If I modify django.rb in twine like:

        while line = io.gets
          if line != nil
            line = line.scrub("BADCHAR")
          end

...then I'm able to get complete output in my twine.txt file with no errors.

Curiously the replacement BADCHAR does not appear anywhere in the output.

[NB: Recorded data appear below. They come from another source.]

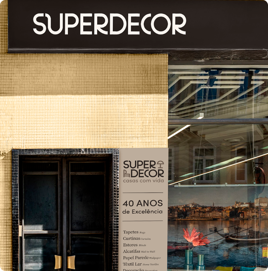 Uma marca que cresce precisa de uma imagem que acompanhe essa evolução. O rebranding da Superdecor foi uma mudança de look e uma clarificação de quem a marca é e do que tem para dizer. Novo logo, nova paleta, nova tipografia, nova comunicação.
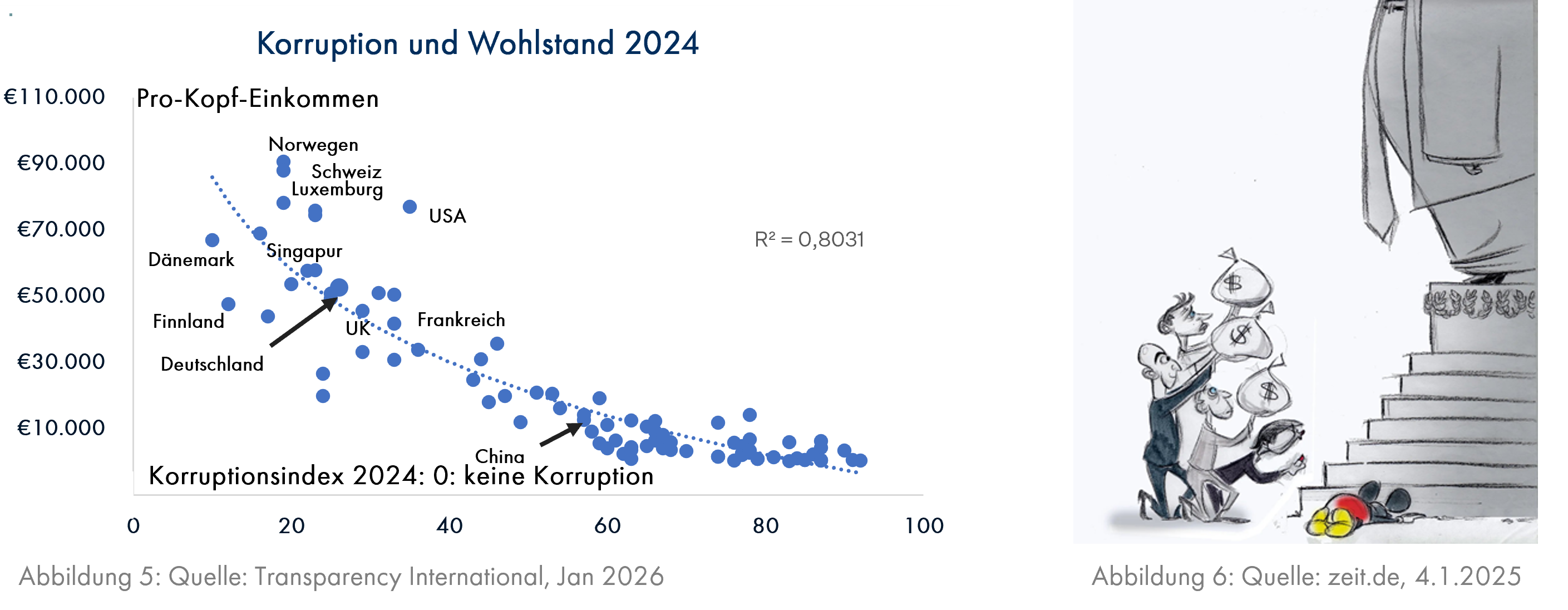 Leider ist Maduro bisher der einzige Diktator, der in den letzten Jahren seine Macht verloren hat. Noch sind die Demokratien auf dem Rückzug (Grafik 3). Dies ist jedoch für die Wähler von Diktatoren keine gute Nachricht. Je undemokratischer ein Staat ist, umso höher ist die Korruption (Grafik 4) und umso ärmer ist das Land (Grafik 5).
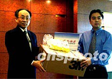 美國紐約哥倫比亞大學(xué)中國學(xué)生學(xué)者聯(lián)誼會購買了五千只世界衛(wèi)生組織推薦的N九五防護口罩,贈送給戰(zhàn)斗在抗擊非典型肺炎第一線的中國醫(yī)務(wù)工作者。二十九日哥大學(xué)生代表將口罩樣品和捐贈清單交給中國駐紐約總領(lǐng)事張宏喜(左)。作者:趙海燕

sebastianludwig commented 5 years ago

Hi @anentropic, thanks for opening the issue and sorry for not getting back to you any sooner. Could you provide a minimal example as file that exhibits this problem?

In general, are you sure the file is ASCII-8BIT encoded? It says charset=UTF-8 directly above... Did you encounter any problems without the --encoding parameter?